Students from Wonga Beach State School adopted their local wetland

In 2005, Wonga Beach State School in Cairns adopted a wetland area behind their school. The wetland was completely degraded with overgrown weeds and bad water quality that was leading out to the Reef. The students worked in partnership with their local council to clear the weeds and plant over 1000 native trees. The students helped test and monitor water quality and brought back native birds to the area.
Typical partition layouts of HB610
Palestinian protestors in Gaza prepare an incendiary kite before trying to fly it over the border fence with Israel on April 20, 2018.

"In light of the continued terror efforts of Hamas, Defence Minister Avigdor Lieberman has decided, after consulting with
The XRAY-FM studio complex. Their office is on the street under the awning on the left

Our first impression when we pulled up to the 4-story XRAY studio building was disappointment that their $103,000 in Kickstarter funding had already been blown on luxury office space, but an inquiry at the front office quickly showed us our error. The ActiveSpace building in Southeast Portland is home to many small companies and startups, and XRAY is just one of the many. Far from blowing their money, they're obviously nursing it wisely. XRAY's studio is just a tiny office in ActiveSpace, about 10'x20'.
+-------+
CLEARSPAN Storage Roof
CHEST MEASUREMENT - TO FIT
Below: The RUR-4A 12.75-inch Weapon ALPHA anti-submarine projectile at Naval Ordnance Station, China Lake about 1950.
+-------+
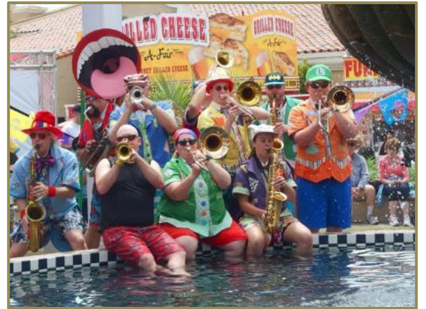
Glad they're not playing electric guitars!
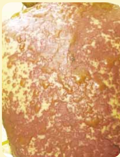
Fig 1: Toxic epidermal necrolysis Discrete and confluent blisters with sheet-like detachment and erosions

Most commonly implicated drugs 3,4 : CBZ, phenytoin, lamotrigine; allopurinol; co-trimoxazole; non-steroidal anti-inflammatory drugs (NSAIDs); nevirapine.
+-------+
Work task:
What belongs in the answer is each line above from the line with "Glad they're not playing electric guitars!" to the line with "Most commonly implicated", inclusive, reproduced exactly and free of pictures.

Solution below:
Glad they're not playing electric guitars!
Fig 1: Toxic epidermal necrolysis Discrete and confluent blisters with sheet-like detachment and erosions

Most commonly implicated drugs 3,4 : CBZ, phenytoin, lamotrigine; allopurinol; co-trimoxazole; non-steroidal anti-inflammatory drugs (NSAIDs); nevirapine.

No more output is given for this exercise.